• WHAT NEEDS TO BE DONE: An exact repetition of the data below, without images, is the expected answer.

═════ DATA SHOWN

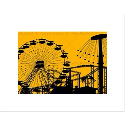 Wee Blue Coo Amusement Park Yellow Sky Sunset Art Picture Wall Print
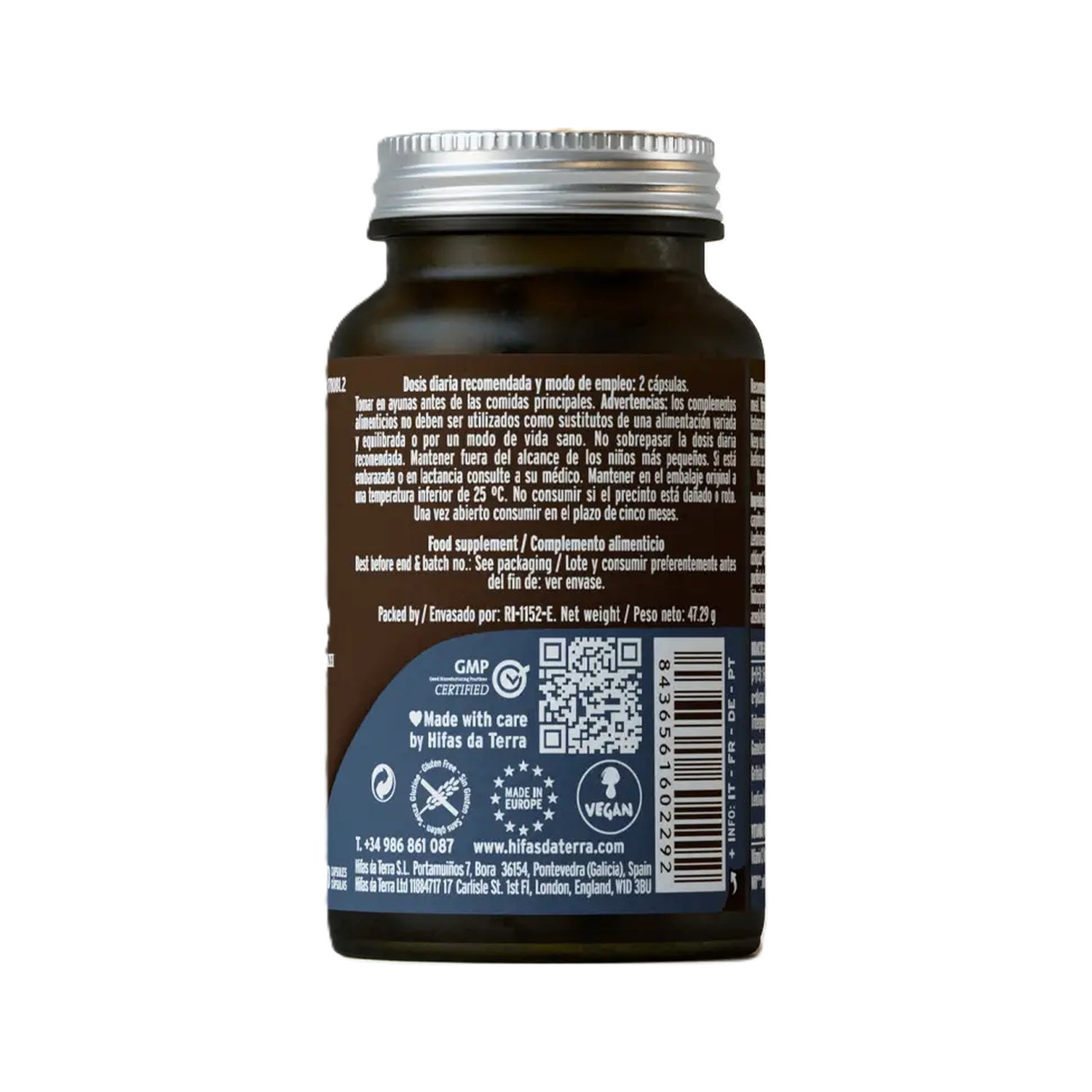Además, cuenta con un elevado ratio de inmunomoduladores del chaga (más Reishi, el Maitake, el Shiitake y el Champiñón del sol) que permiten activar más receptores celulares y generar mayor efecto.
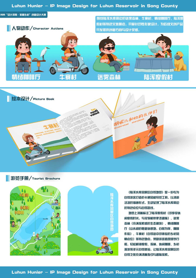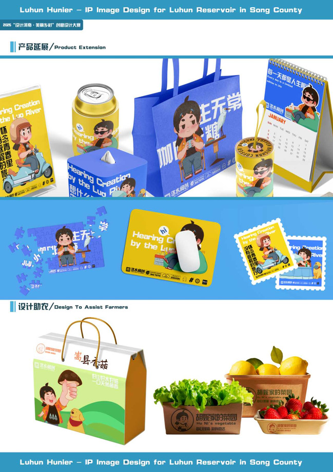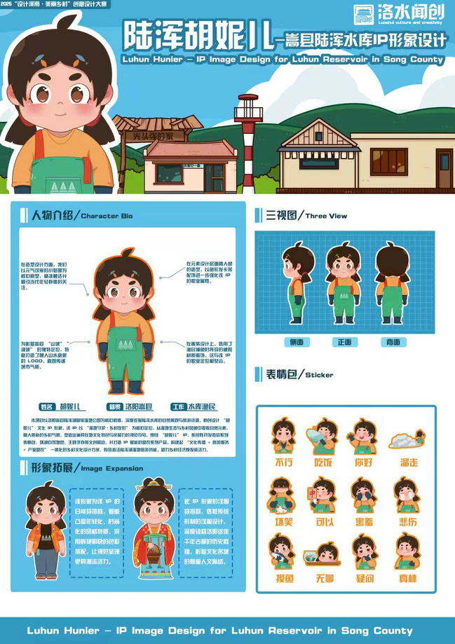 该作品由陈碧瑶、牛雅丽两位同学联合创作,王永康、于佳琳、魏秋霞三位老师组成指导教师团队全程把关。作品以嵩县陆浑水库为地域核心,深度融合当地自然生态与人文底蕴,打造出兼具亲和力与传播力的IP形象“陆浑胡妮儿”,生动诠释了“设计+农业+文化”的融合创新理念,彰显了青年学子助力乡村振兴的责任与担当。
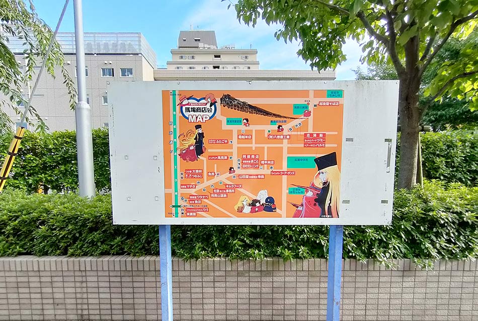 메텔과 철이, 마쓰모토 레이지 씨가 직접 그린 캐릭터 '우피'가 있는 상점가
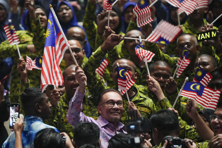 Malajzijský premiér Anwar Ibrahim máva štátnou vlajkou po tom, čo v kongresovom centre v meste Putrajaya predniesol prejav k Národnému dňu. Foto: SITA/AP
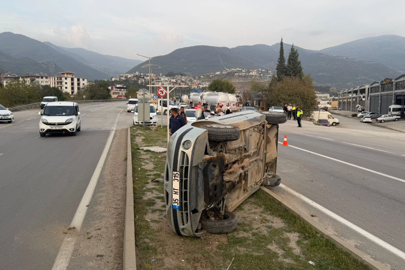 Çarpmanın etkisiyle otomobil kontrolden çıkarak takla atıp refüje düştü. Kazada araçta bulunan 2 kişi yaralandı. Olay yerine sevk edilen sağlık ekipleri, yaralılara ilk müdahaleyi yaptıktan sonra Bahçe Devlet Hastanesi'ne kaldırdı. Polis ekipleri kaza ile ilgili inceleme başlattı.
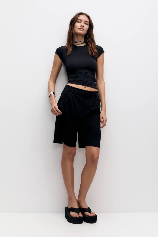 Women Short Sleeve Polyamide T-Shirt Black | Basic
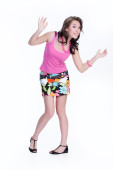 młoda kobieta emocjonalne z torby papierowe

══════════

• ANSWER SPACE:
 Wee Blue Coo Amusement Park Yellow Sky Sunset Art Picture Wall Print
Además, cuenta con un elevado ratio de inmunomoduladores del chaga (más Reishi, el Maitake, el Shiitake y el Champiñón del sol) que permiten activar más receptores celulares y generar mayor efecto.
 该作品由陈碧瑶、牛雅丽两位同学联合创作,王永康、于佳琳、魏秋霞三位老师组成指导教师团队全程把关。作品以嵩县陆浑水库为地域核心,深度融合当地自然生态与人文底蕴,打造出兼具亲和力与传播力的IP形象“陆浑胡妮儿”,生动诠释了“设计+农业+文化”的融合创新理念,彰显了青年学子助力乡村振兴的责任与担当。
 메텔과 철이, 마쓰모토 레이지 씨가 직접 그린 캐릭터 '우피'가 있는 상점가
 Malajzijský premiér Anwar Ibrahim máva štátnou vlajkou po tom, čo v kongresovom centre v meste Putrajaya predniesol prejav k Národnému dňu. Foto: SITA/AP
 Çarpmanın etkisiyle otomobil kontrolden çıkarak takla atıp refüje düştü. Kazada araçta bulunan 2 kişi yaralandı. Olay yerine sevk edilen sağlık ekipleri, yaralılara ilk müdahaleyi yaptıktan sonra Bahçe Devlet Hastanesi'ne kaldırdı. Polis ekipleri kaza ile ilgili inceleme başlattı.
 Women Short Sleeve Polyamide T-Shirt Black | Basic
 młoda kobieta emocjonalne z torby papierowe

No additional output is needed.